Deepcell envisions a living machine improving over time as the community around it grows. Unlike the research and medical devices currently in use, the morphological data that this platform makes is continuously used to train the AI that makes sorting decisions. This creates an ecosystem that consistently improves over time, catching finer and finer differences to stratify and isolate cells on. There are applications that we have yet to even imagine for this technology. Ultimately, Deepcell will empower scientists and clinicians to use their novel platform and sophisticated AI to build a better understanding of biology and improve human health.
They have the team to do it. Co-founder and CEO Maddison Masaeli studied Electrical Engineering undergrad in her native Iran, got her PhD in Biomedical Engineering from UCLA, and did her postdoc at Stanford University in Computational Genomics, where she developed the core Deepcell technology. Co-founder and CTO Mahyar Salek got his PhD in Computer Science from USC, previously founded one of the first companies to ship a deep-learning based solution, and was working in AI at Google before leaving to found Deepcell.
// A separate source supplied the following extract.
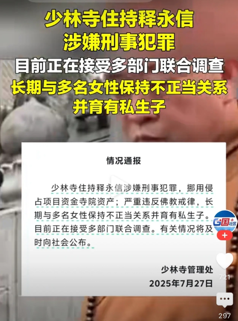 “与多名女子长期保持不正当关系”是私德,也违反相关宗教的戒律,但都上升不到法律层面。所以重点是“涉嫌刑事犯罪”,这就很严重了。 实事求是地讲,释永信是个能人,对少林寺、禅宗文化和品牌的全球推广,有大功劳!一个没什么社会背景,也没什么文化的农村娃,能取得如此大的成绩,实属不易。所以,我不愿对他求全责备。 综合网络信息,释永信与地方既得利益群体的矛盾,在近些年是愈演愈烈的。在很多人眼里,释永信是越来越不“听话”了,随着他的“叛逆”,他的形象在网络上也越来越负面… 而近些年轰然倒下的政界的、商业界、学界的“偶像”不在少数,其实我们应该问一个“为什么”。是人出了问题,还是我们社会出了问题?他们就是坏人,还是他们也是受害者呢?
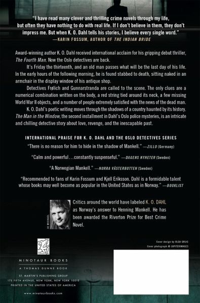 A cryptic murder resurrects dark memories of past atrocities in this latest mystery from the master of Norwegian crime writing. Award-winning author K. O. Dahl received international acclaim for his gripping debut thriller, The Fourth Man, which introduced readers to Detective Inspector Frank Frølich and Detective Chief Inspector Gunnarstranda. Now the Oslo detectives are back. It's Friday the thirteenth, the Norwegian capital is enveloped in freezing cold, and Reidar Folke Jespersen passes what will be the last day of his life. The aging antique dealer leaves home and takes a taxi to a nearby café. A few hours later, through the window of the café, he watches his wife enter the door to a flat on the other side of the street, where her lover lives. In the early hours of the following morning, Jespersen is found stabbed to death, sitting naked in an armchair in the display window of his antique shop. Detectives Frølich and Gunnarstranda are called to the scene. Their only clues are a numerical combination written in ink on the body of the dead man, a red string tied around his neck, a few missing World War II objects, and a number of people extremely satisfied with the news of the man's death. Questions of love and betrayal, loyalty and guilt consume the investigation, just as they fill the private lives of the investigators. K. O. Dahl's dark and poetic writing moves through the shadows of one country's history---a country where victims, perpetrators, and even police officers are haunted by the past, still trying to cope with dark memories of the Nazi occupation. The Man in the Window, the second installment in Dahl's Oslo police mysteries, is an intricate and chilling detective story about love, revenge, and the inescapable past.

Scientific co-founder Euan Ashley is a Professor of Medicine and Genetics at Stanford University.
At Fifty Years, our sweet spot is supporting founders at the earliest stages who are building deep tech companies that can generate huge financial outcomes and create massive positive impact.
Deep Tech: Maddison, Mahyar, Euan, and the rest of the Deepcell team have dedicated their scientific careers to generating a first in class amalgam of microfluidics, imaging technology, and computer vision to give an unprecedented view into a cell’s biology.
$1B yearly revenue potential: By overcoming the limitations of current sorting methods that are ubiquitously used in biology, biotech, pharma, and clinical practice, Deepcell is poised to become the de facto application to classify and sort cells in all its embodiments.
Massive positive societal impact: From bench to bedside, Deepcell’s technology reduces the labor and cost that go into cell classification and isolation while making it more robust and improving its chances of finding unexpected results. This combination creates massive potential to improve patient outcomes, either by directly improving clinical care or by indirectly enabling new medicines to be generated.
Deepcell is an example of how excellent science can create extraordinary impact through entrepreneurship. Inspired by their vision for a better future, Fifty Years was proud to partner with Deepcell in their seed round led by our friends at Andreessen Horowitz and to deepen the partnership in their Series A, lead by Bow Capital, alongside Andreessen Horowitz, DCVC, and Stanford University. At Fifty Years, helping great scientists become great entrepreneurs is our jam, and we’re looking forward to helping Maddison, Mahyar, and Euan make real their vision of redefining biology, one cell at a time.